(THE DATA begins)

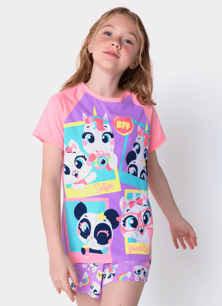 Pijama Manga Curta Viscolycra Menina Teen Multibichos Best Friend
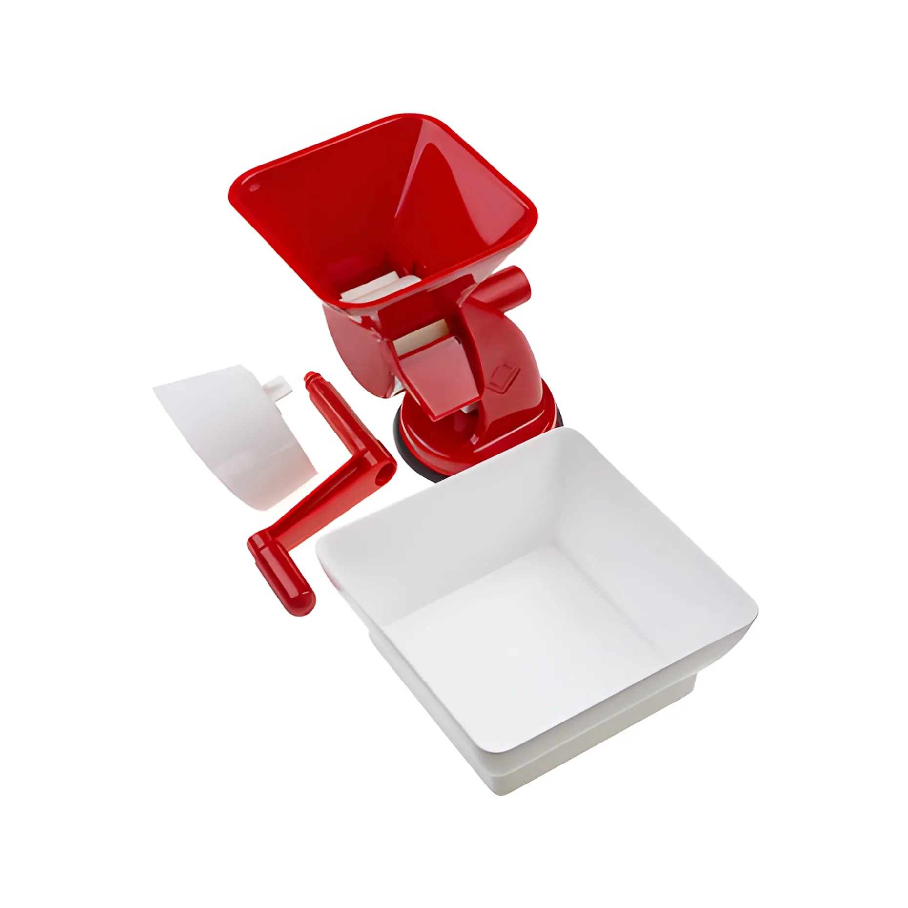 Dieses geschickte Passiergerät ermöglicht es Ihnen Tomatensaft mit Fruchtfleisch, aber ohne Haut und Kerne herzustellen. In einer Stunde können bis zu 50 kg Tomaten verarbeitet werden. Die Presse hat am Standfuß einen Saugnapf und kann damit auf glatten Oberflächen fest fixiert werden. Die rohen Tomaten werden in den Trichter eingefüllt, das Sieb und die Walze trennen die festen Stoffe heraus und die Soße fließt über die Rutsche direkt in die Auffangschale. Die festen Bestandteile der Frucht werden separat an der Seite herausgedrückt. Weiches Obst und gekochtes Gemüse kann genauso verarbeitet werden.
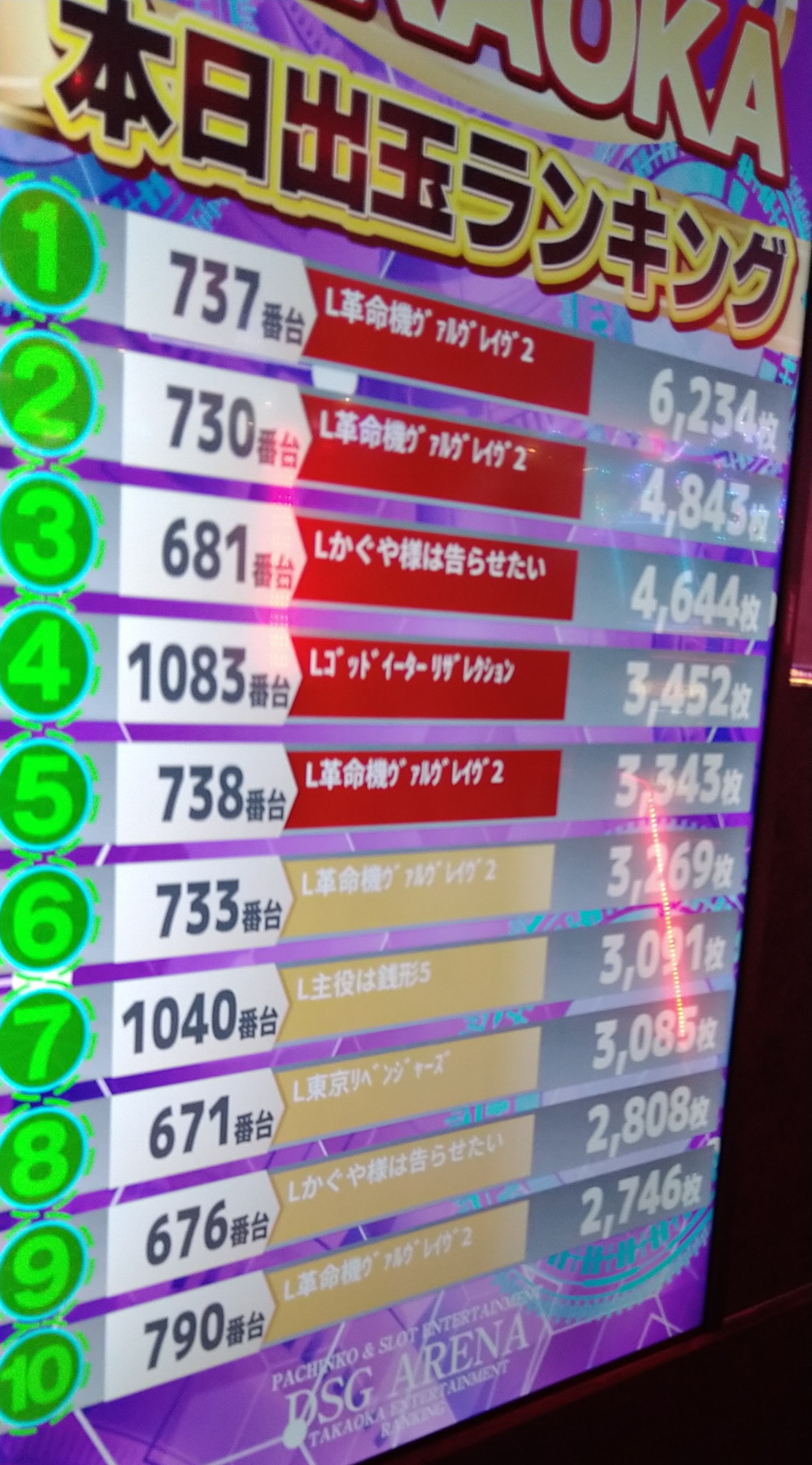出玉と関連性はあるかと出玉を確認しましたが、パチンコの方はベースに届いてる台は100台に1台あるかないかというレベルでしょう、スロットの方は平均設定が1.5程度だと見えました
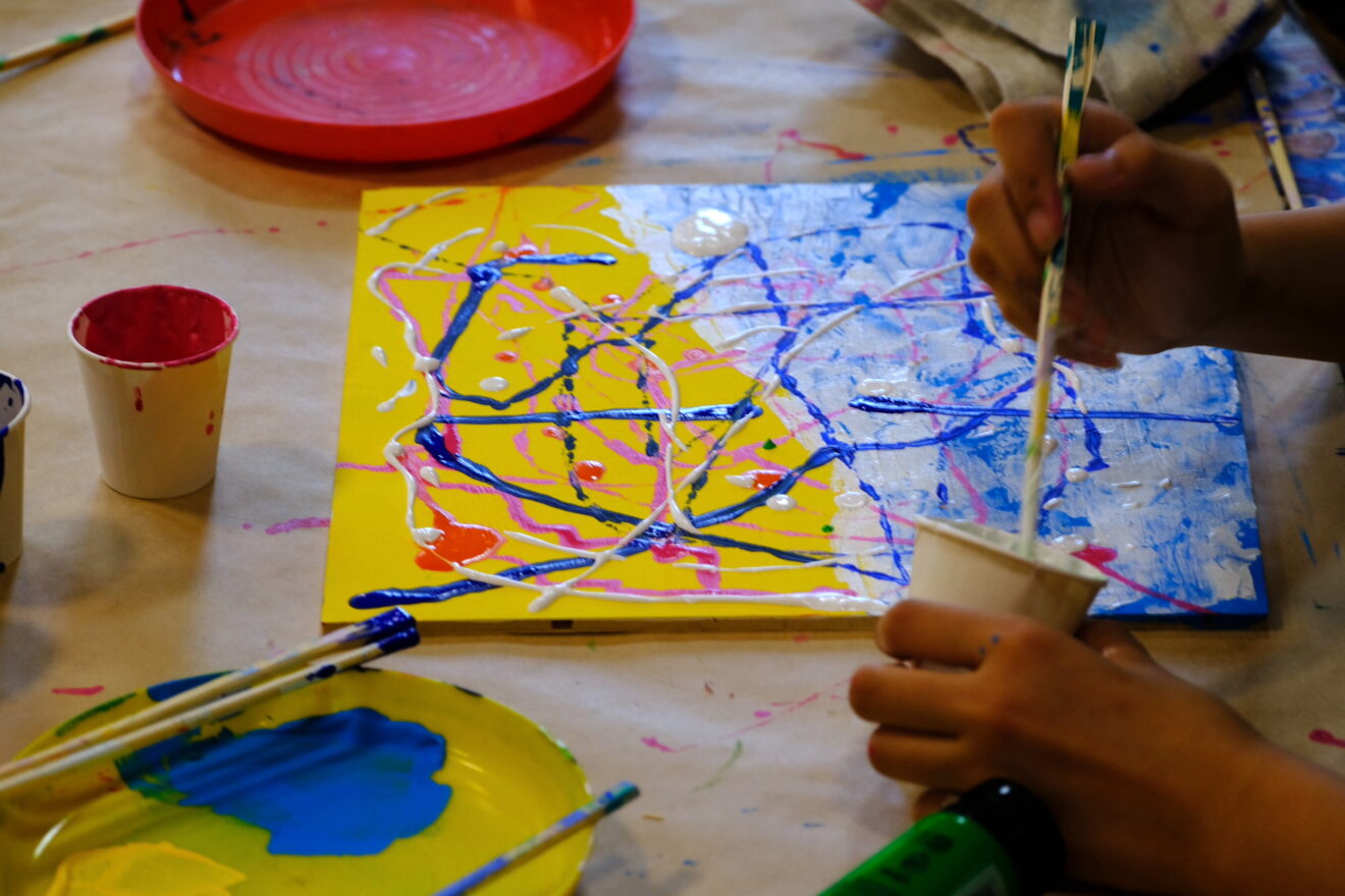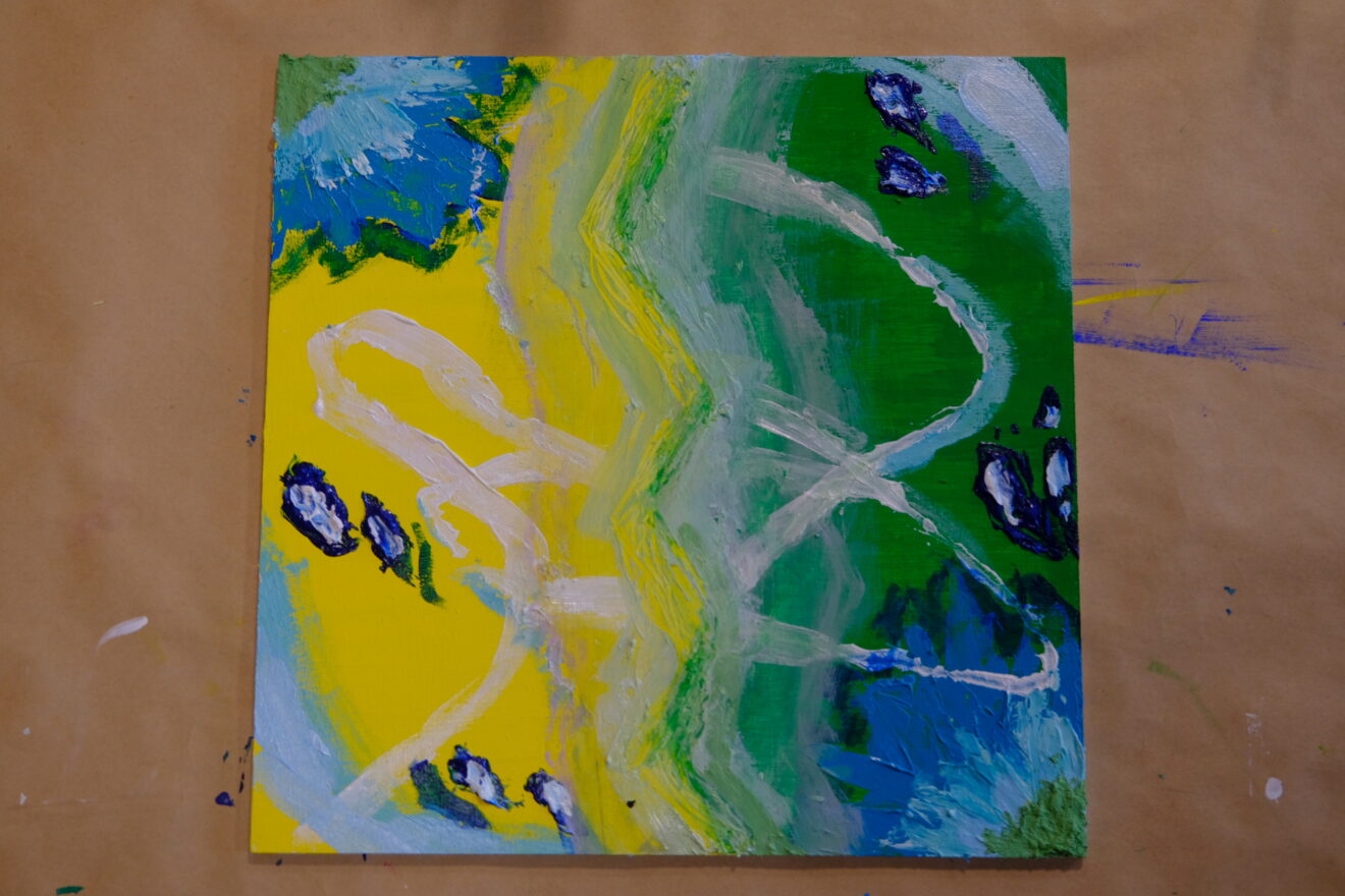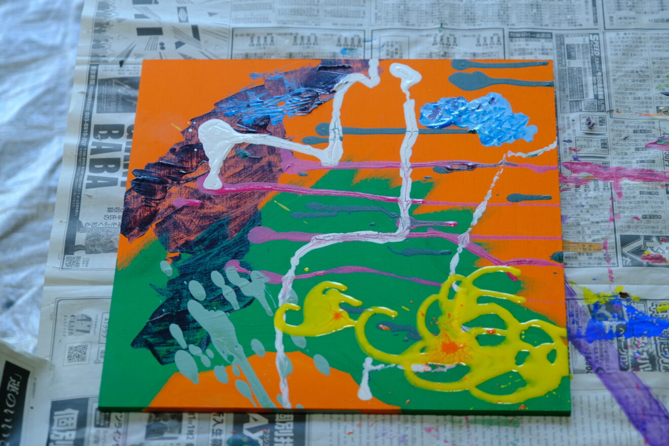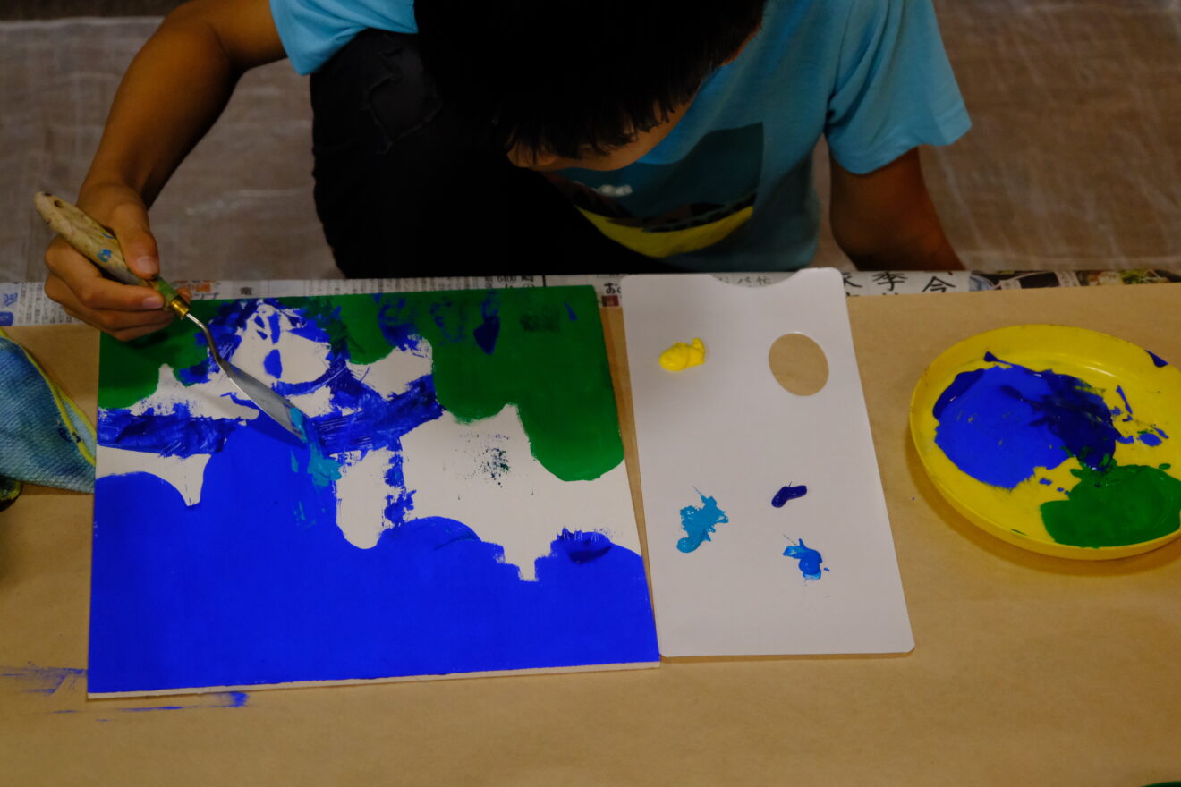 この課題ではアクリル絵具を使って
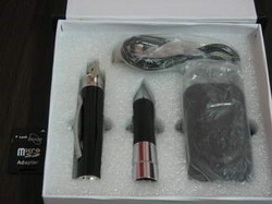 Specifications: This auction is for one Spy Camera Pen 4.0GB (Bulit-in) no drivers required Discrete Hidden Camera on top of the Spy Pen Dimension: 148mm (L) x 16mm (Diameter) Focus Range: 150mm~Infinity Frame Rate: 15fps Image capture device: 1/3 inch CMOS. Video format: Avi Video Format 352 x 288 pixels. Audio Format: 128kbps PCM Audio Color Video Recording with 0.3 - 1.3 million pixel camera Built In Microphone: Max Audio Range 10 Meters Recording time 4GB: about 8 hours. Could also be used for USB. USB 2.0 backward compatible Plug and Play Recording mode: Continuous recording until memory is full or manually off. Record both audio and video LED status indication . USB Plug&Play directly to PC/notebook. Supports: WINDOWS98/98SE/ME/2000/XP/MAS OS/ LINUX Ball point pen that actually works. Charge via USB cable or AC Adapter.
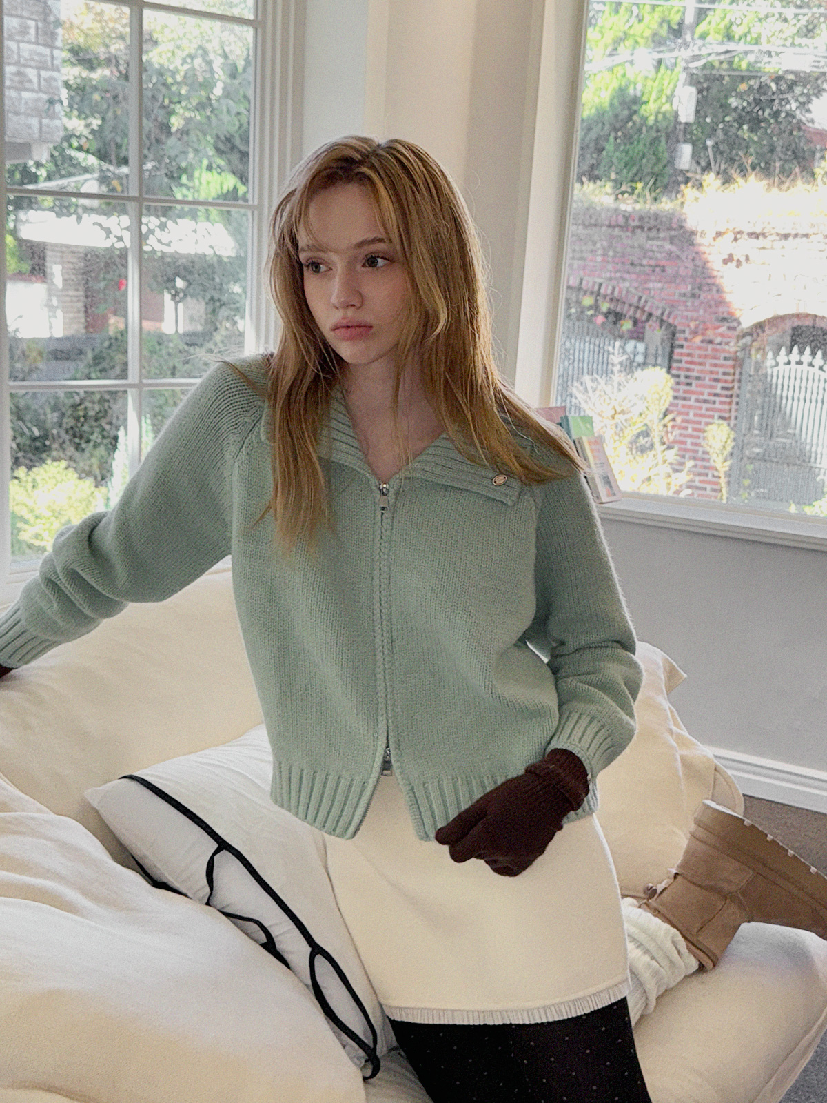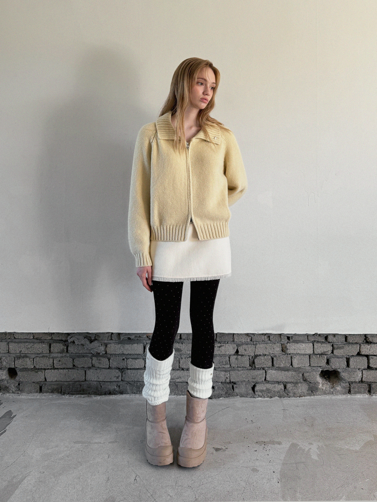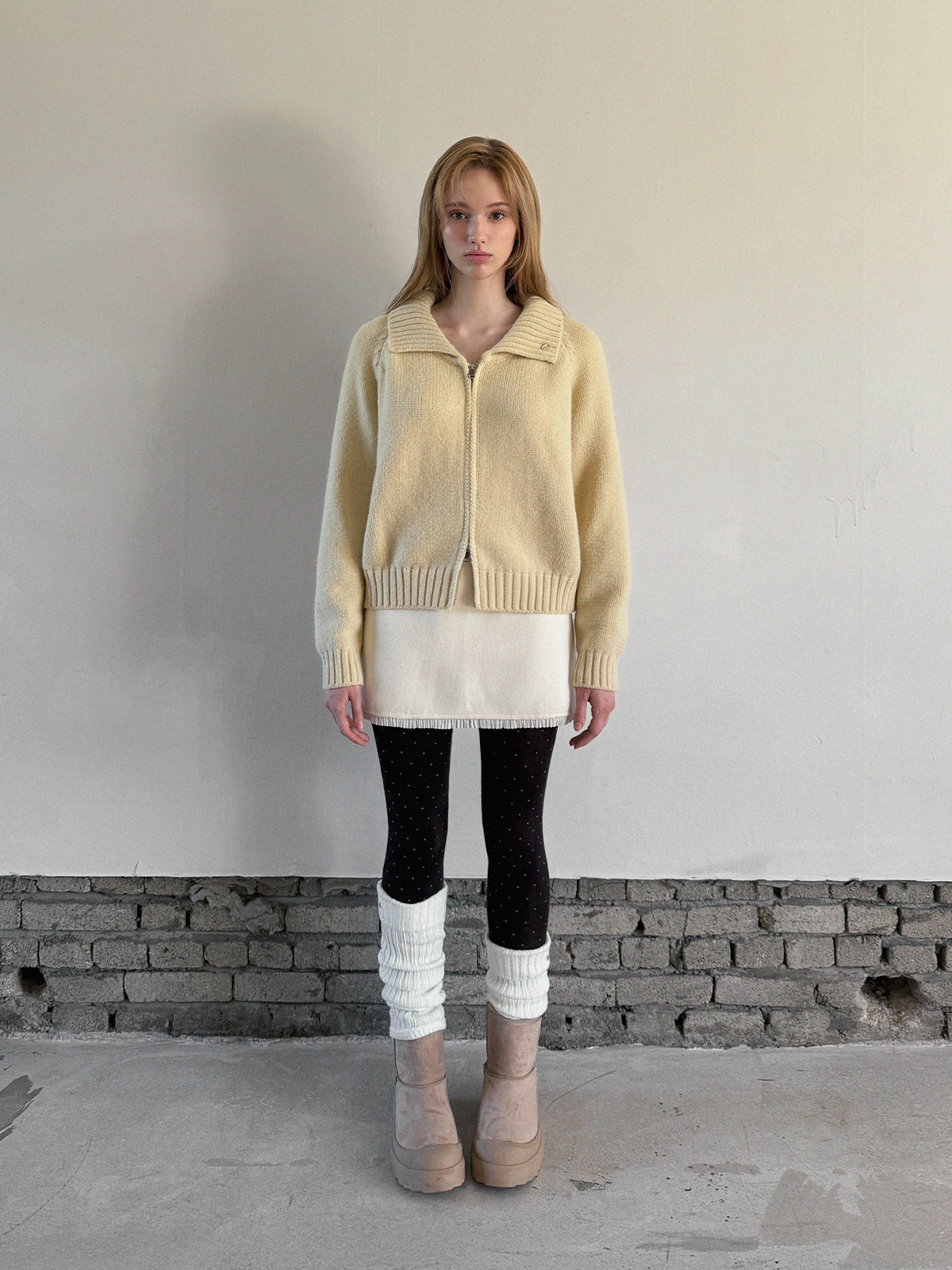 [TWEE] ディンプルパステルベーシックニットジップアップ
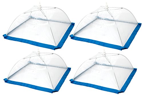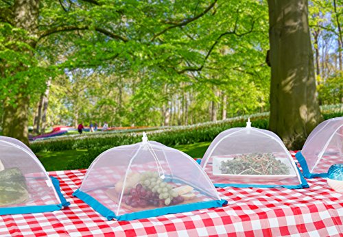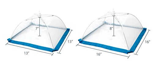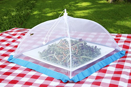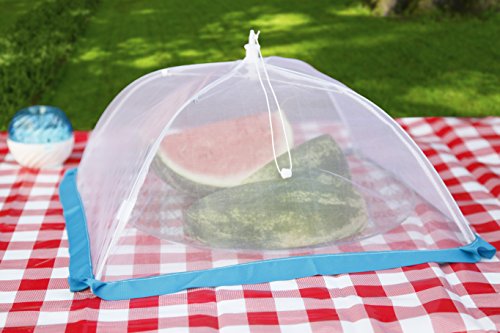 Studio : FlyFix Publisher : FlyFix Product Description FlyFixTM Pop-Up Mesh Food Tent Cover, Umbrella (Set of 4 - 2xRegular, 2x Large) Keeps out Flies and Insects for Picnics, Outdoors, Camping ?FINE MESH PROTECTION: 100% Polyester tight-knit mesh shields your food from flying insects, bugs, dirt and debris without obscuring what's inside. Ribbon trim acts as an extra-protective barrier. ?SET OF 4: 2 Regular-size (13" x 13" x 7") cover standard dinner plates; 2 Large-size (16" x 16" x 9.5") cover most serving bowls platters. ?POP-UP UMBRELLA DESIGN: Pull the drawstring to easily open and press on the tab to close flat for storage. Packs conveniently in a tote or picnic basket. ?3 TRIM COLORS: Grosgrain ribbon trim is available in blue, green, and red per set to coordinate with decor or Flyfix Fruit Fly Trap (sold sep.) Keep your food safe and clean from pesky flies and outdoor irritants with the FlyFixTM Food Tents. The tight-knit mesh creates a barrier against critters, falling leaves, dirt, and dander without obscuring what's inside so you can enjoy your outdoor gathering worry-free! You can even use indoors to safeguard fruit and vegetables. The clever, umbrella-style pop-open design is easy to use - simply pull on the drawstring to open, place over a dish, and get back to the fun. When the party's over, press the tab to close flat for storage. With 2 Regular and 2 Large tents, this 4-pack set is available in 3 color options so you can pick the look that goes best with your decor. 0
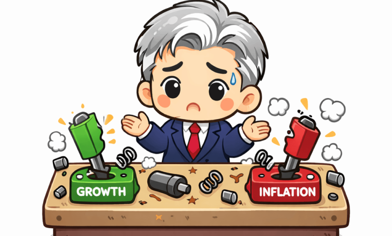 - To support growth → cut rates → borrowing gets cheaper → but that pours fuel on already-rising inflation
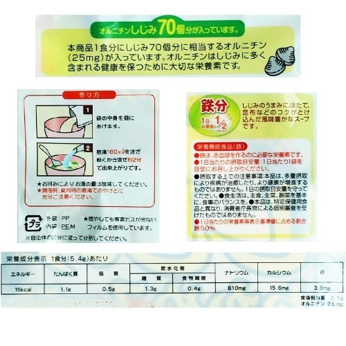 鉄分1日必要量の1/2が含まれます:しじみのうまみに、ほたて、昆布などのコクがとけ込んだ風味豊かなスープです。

(THE DATA ends)

> WORK ORDER: Pictures aside, print exactly the lines above starting with the one containing "Dieses geschickte Passiergerät" and going on through the one containing "[TWEE] ディンプルパステルベーシックニットジップアップ".

> RESPONSE:
 Dieses geschickte Passiergerät ermöglicht es Ihnen Tomatensaft mit Fruchtfleisch, aber ohne Haut und Kerne herzustellen. In einer Stunde können bis zu 50 kg Tomaten verarbeitet werden. Die Presse hat am Standfuß einen Saugnapf und kann damit auf glatten Oberflächen fest fixiert werden. Die rohen Tomaten werden in den Trichter eingefüllt, das Sieb und die Walze trennen die festen Stoffe heraus und die Soße fließt über die Rutsche direkt in die Auffangschale. Die festen Bestandteile der Frucht werden separat an der Seite herausgedrückt. Weiches Obst und gekochtes Gemüse kann genauso verarbeitet werden.
出玉と関連性はあるかと出玉を確認しましたが、パチンコの方はベースに届いてる台は100台に1台あるかないかというレベルでしょう、スロットの方は平均設定が1.5程度だと見えました
 この課題ではアクリル絵具を使って
 Specifications: This auction is for one Spy Camera Pen 4.0GB (Bulit-in) no drivers required Discrete Hidden Camera on top of the Spy Pen Dimension: 148mm (L) x 16mm (Diameter) Focus Range: 150mm~Infinity Frame Rate: 15fps Image capture device: 1/3 inch CMOS. Video format: Avi Video Format 352 x 288 pixels. Audio Format: 128kbps PCM Audio Color Video Recording with 0.3 - 1.3 million pixel camera Built In Microphone: Max Audio Range 10 Meters Recording time 4GB: about 8 hours. Could also be used for USB. USB 2.0 backward compatible Plug and Play Recording mode: Continuous recording until memory is full or manually off. Record both audio and video LED status indication . USB Plug&Play directly to PC/notebook. Supports: WINDOWS98/98SE/ME/2000/XP/MAS OS/ LINUX Ball point pen that actually works. Charge via USB cable or AC Adapter.
 [TWEE] ディンプルパステルベーシックニットジップアップ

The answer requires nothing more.